Records shown: Begin

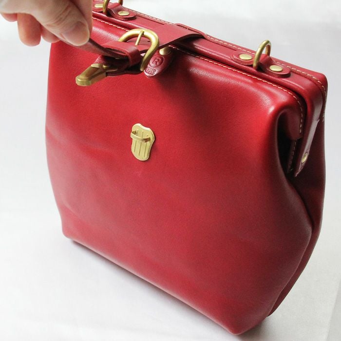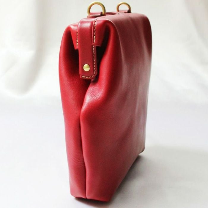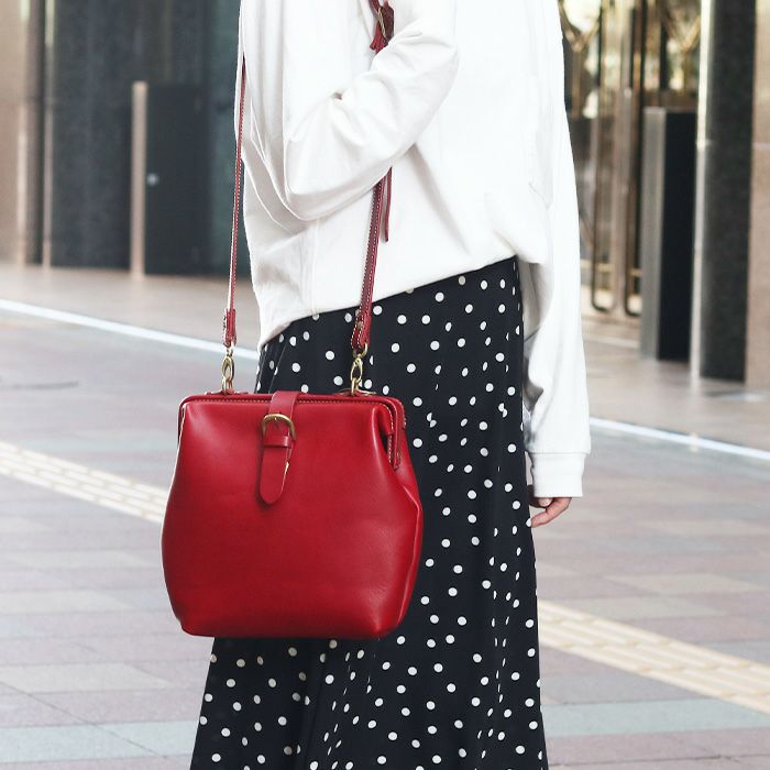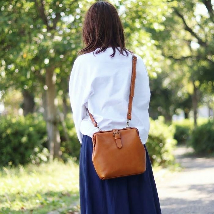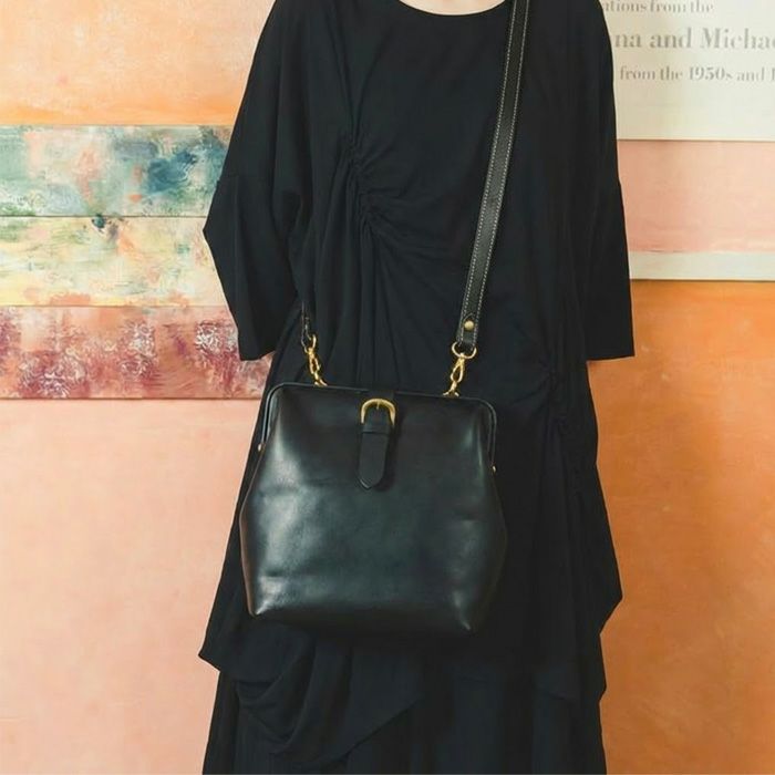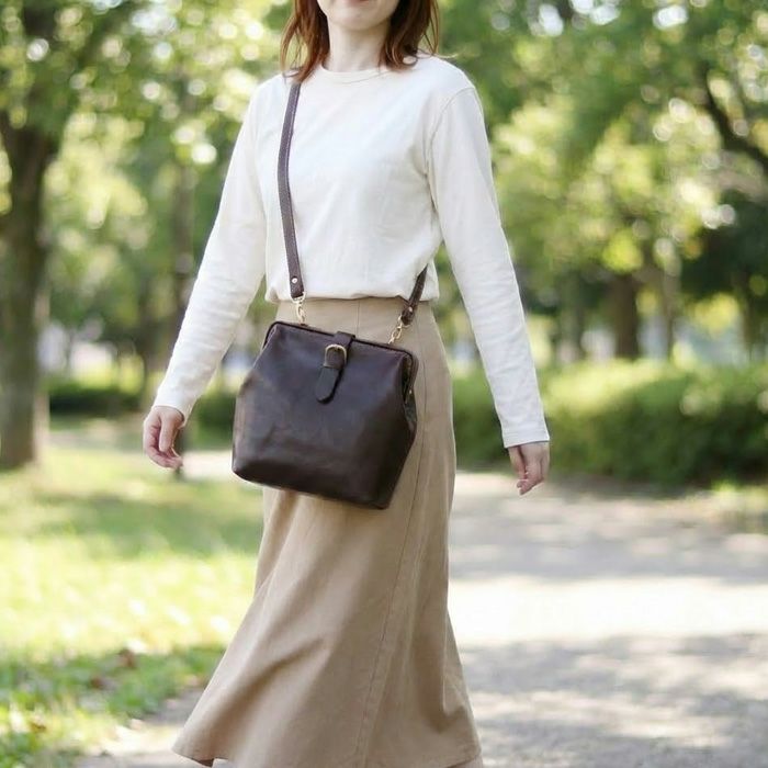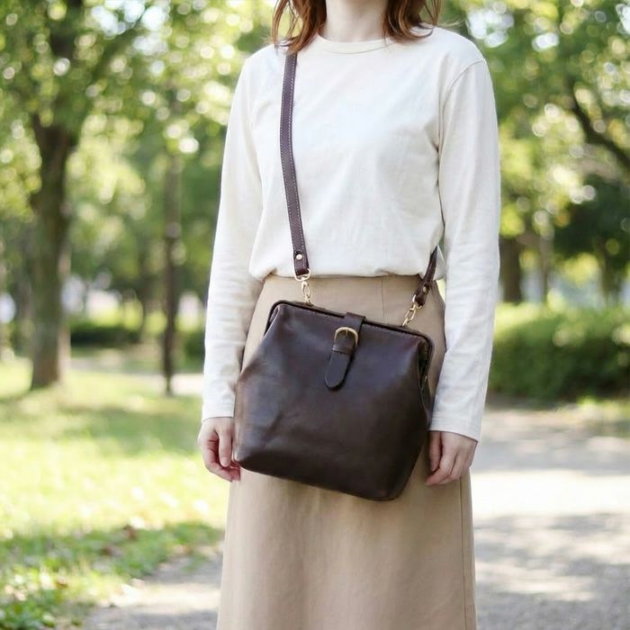 前面の差し込み金具がぱっと目を惹くショルダーバッグをリリース。人気の高い口枠ショルダーバッグシリーズにデザインを変えた薄マチタイプが登場しました。
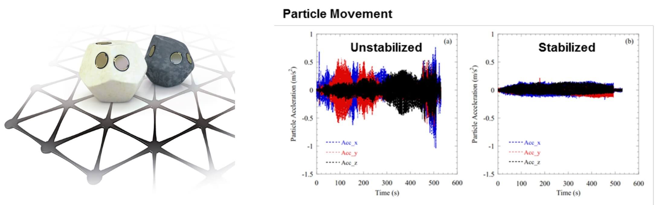 ‘SmartRock’ research undertaken demonstrated a significant reduction in particle movement and rotation as a result of the introduction of a mechanical stabilisation geogrid
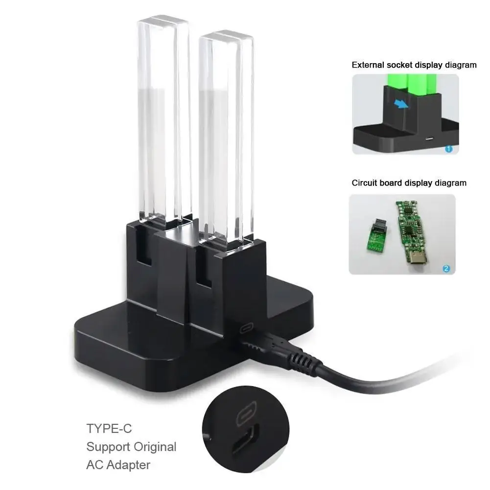 1.4.En consecuencia, insértelo el controlador Switch en los lados izquierdo y derecho de esta base de carga, como se muestra en la imagen.En este momento, si la luz verde esmeralda de la columna cuadrada transparente se vuelve roja, significa que el controlador Switch que cuelga de este puerto se está cargando.
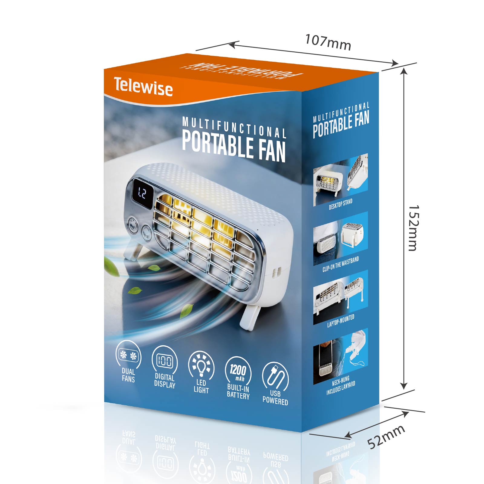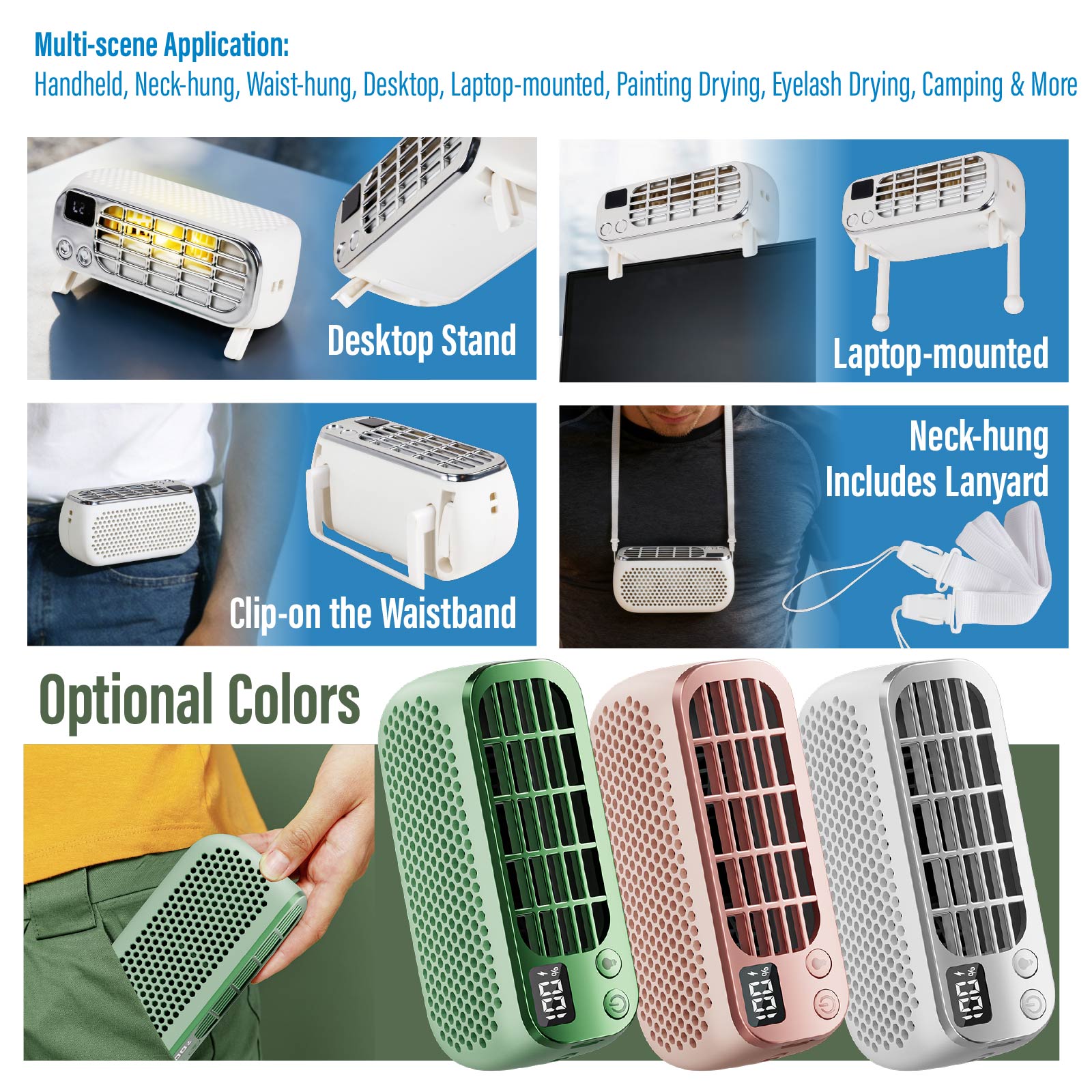 - Multi-scene Application : Handheld, Neck-hung, Waist-hung, Desktop, Laptop-mounted, Painting Drying, Eyelash Drying, Camping & More
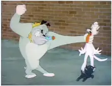 Eventually, the bulldog frightens the kitten into giving up the whistle, and (after a couple of false starts) he gains the upper hand on the black cat by luring him under a large paintbrush, turning him white and rendering his bad luck powers useless. However, the white kitten saves the day by painting himself black and crossing the bulldog's path. The bulldog is conked by a falling anvil, and ends up swallowing the whistle by accident, triggering a case of the hiccups, each one of which causes the whistle to go off. As a result, all manner of huge objects plummet from the sky (ranging from a kitchen sink all the way to a battleship), causing the bulldog to flee in terror. The cartoon ends with the formerly-black cat giving the kitten his bowler hat as a sign of gratitude and for saving his life.[5] The kitten snickers in delight when he realizes his new purpose in life as a bad luck cat.
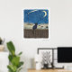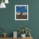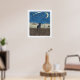 Poster Chat sur une clôture regardant le ciel nocturne au
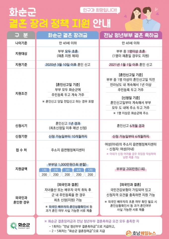 ÇÑÆí, ȼø±º °ü°èÀÚ´Â ¡°Àü³²µµ¿Í ȼø±ºÀÇ Ã»³â °áÈ¥Àå·Á Á¤Ã¥ÀÌ »õ·Ó°Ô Ãâ¹ßÇϴ û³â ½ÅÈ¥ ºÎºÎ¿¡°Ô °æÁ¦Àû ±â¹Ý ¸¶·Ã¿¡ µµ¿òÀÌ µÇ±æ ¹Ù¶õ´Ù¡±¸ç ¡°Áö¿ø Á¤Ã¥¿¡ µû¶ó Áö¿ø ´ë»ó, Áö¿ø ±âÁØÀϰú ½Åû ½ÃÇÑ µî¿¡ Â÷À̰¡ ÀÖÀ¸´Ï ²Ä²ÄÈ÷ È®ÀÎÇÏ°í ½Åû¹Ù¶õ´Ù¡±°í ´çºÎÇß´Ù.
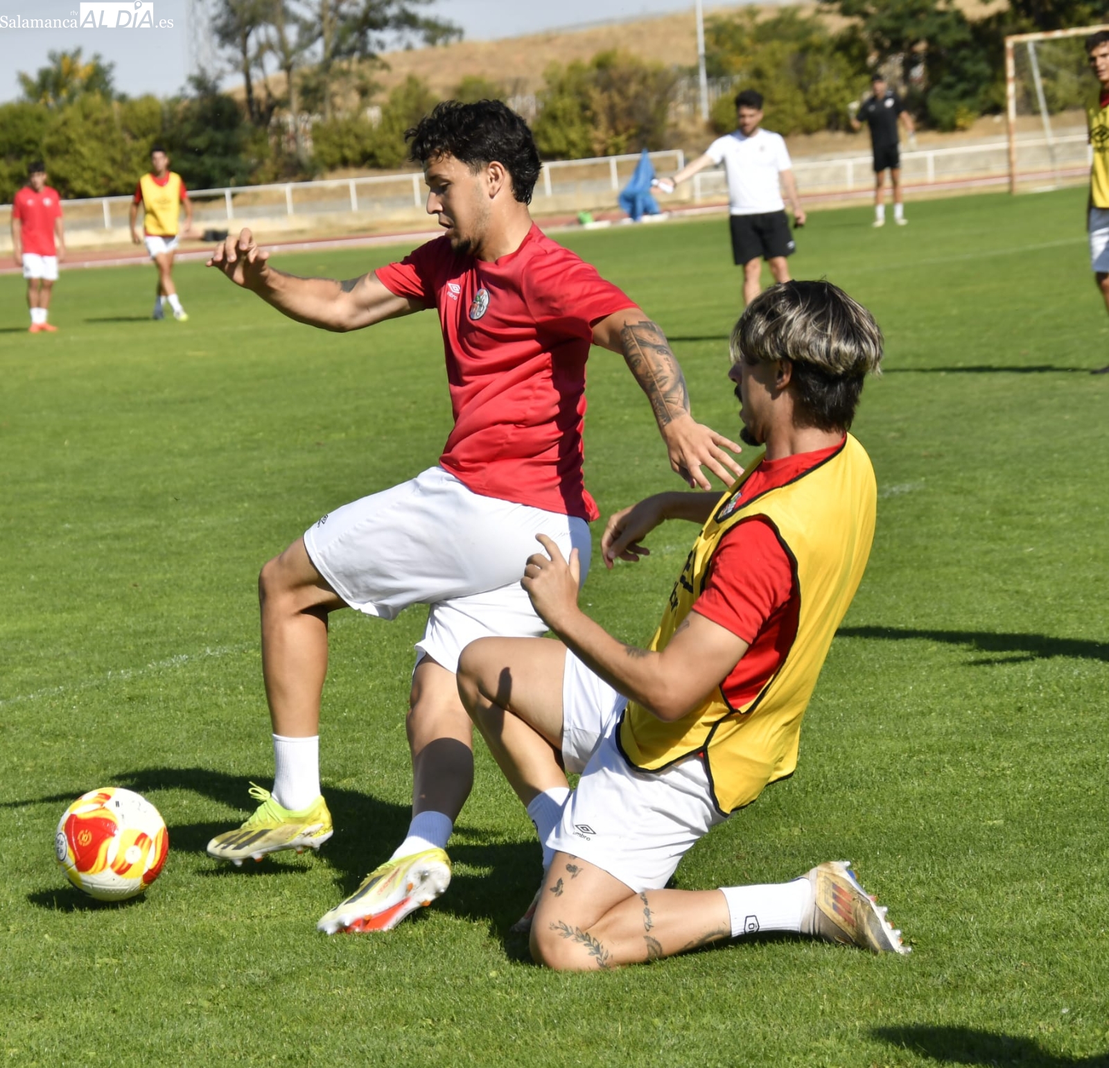 Jorge García ganó -en gran parte- el primer partido como local del Salamanca UDS con una variante táctica al cambiar en el segundo tiempo del 4-2-3-1 al 3-5-2 (o 5-3-2, que viene a ser similar). Un movimiento de ajedrez que le funcionó y en la sesión del jueves ha querido seguir trabajando con él por lo que pueda pasar el próximo domingo en Abegondo ante el Dépor B.
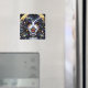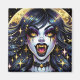 Halloween party magnet. Black and gold vampire with golden fangs and eyes comic book pop art ai art. Cool for Halloween or anyone who loves vampires..
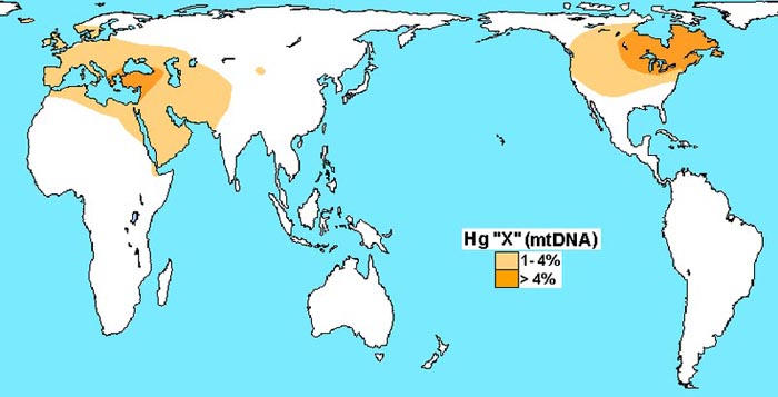 [Above:] Although the global occurrence is very small (less than 4%) the population containing the X mutation appears concentrated in the Algonquin Native American Indian population and in what is now Turkey.
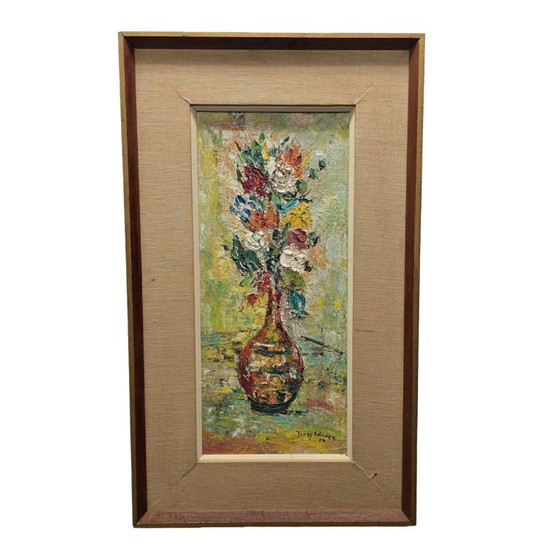 Cette peinture florale vintage et atmosphérique de Pansy Schenck (1959) représente un vase expressif contenant un bouquet de fleurs multicolores. La précision du coup de pinceau crée une belle profondeur et une texture palpable. L'œuvre est signée et datée de 1959 en bas. Bien que Pansy Schenck soit une artiste relativement peu connue, son travail témoigne d'un grand savoir-faire et d'une profonde sensibilité artistique.
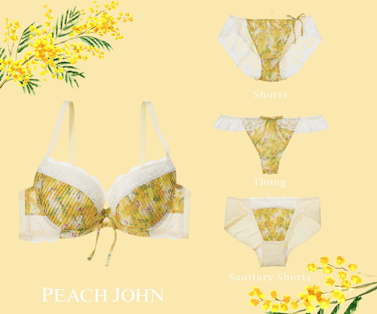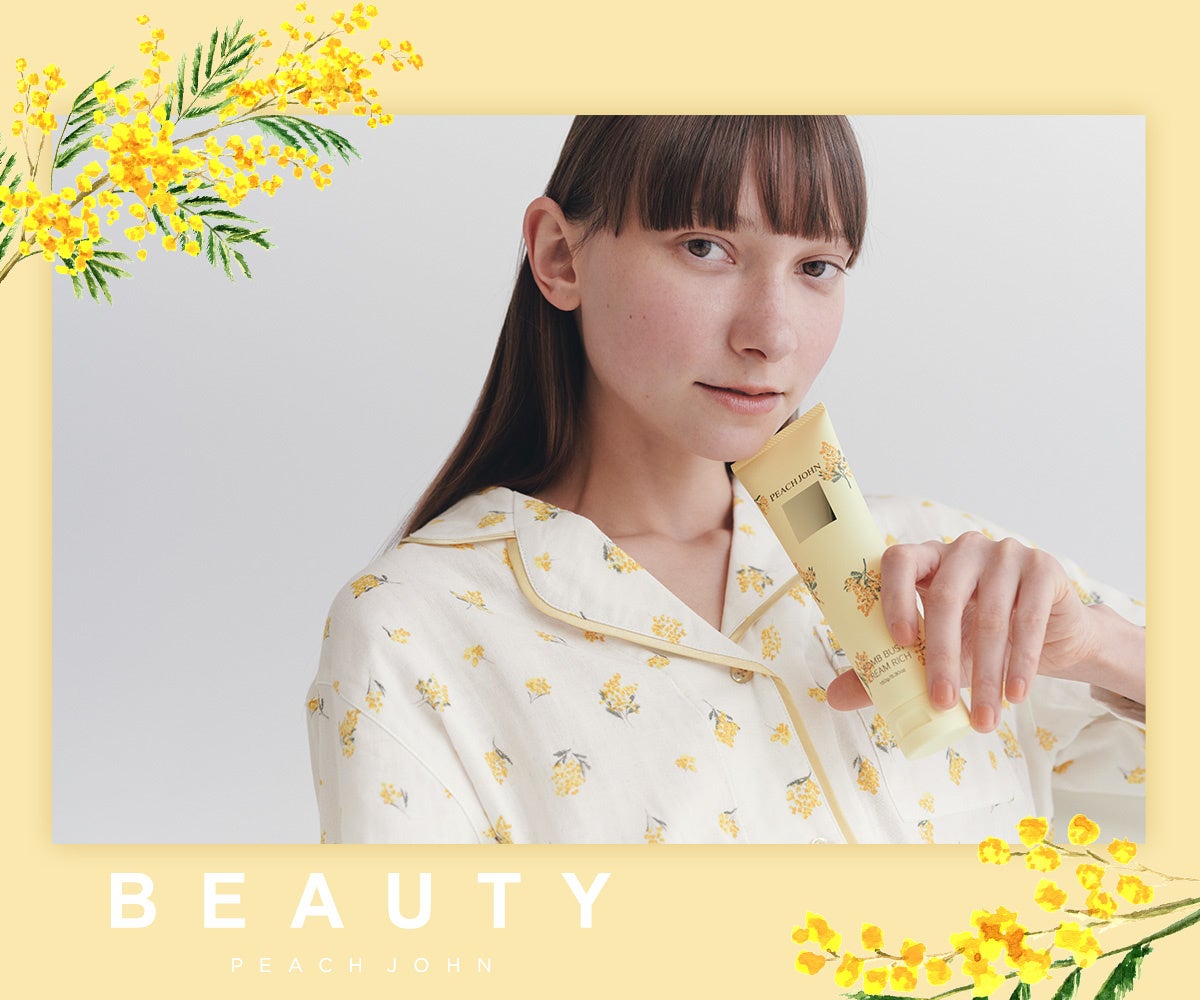 株式会社ピーチ・ジョン(本社:東京都港区 / 代表取締役社長:杤尾学)は、春を感じるミモザ柄のブラやパジャマ、PEACH JOHN BEAUTYのパーツケアアイテムを発売しました。

Records shown: End

- Task item -
Write out exactly the lines from the one containing "Cette peinture florale" through the end of the entries, both included. Pictures are not copied.

- Exercise response -
 Cette peinture florale vintage et atmosphérique de Pansy Schenck (1959) représente un vase expressif contenant un bouquet de fleurs multicolores. La précision du coup de pinceau crée une belle profondeur et une texture palpable. L'œuvre est signée et datée de 1959 en bas. Bien que Pansy Schenck soit une artiste relativement peu connue, son travail témoigne d'un grand savoir-faire et d'une profonde sensibilité artistique.
 株式会社ピーチ・ジョン(本社:東京都港区 / 代表取締役社長:杤尾学)は、春を感じるミモザ柄のブラやパジャマ、PEACH JOHN BEAUTYのパーツケアアイテムを発売しました。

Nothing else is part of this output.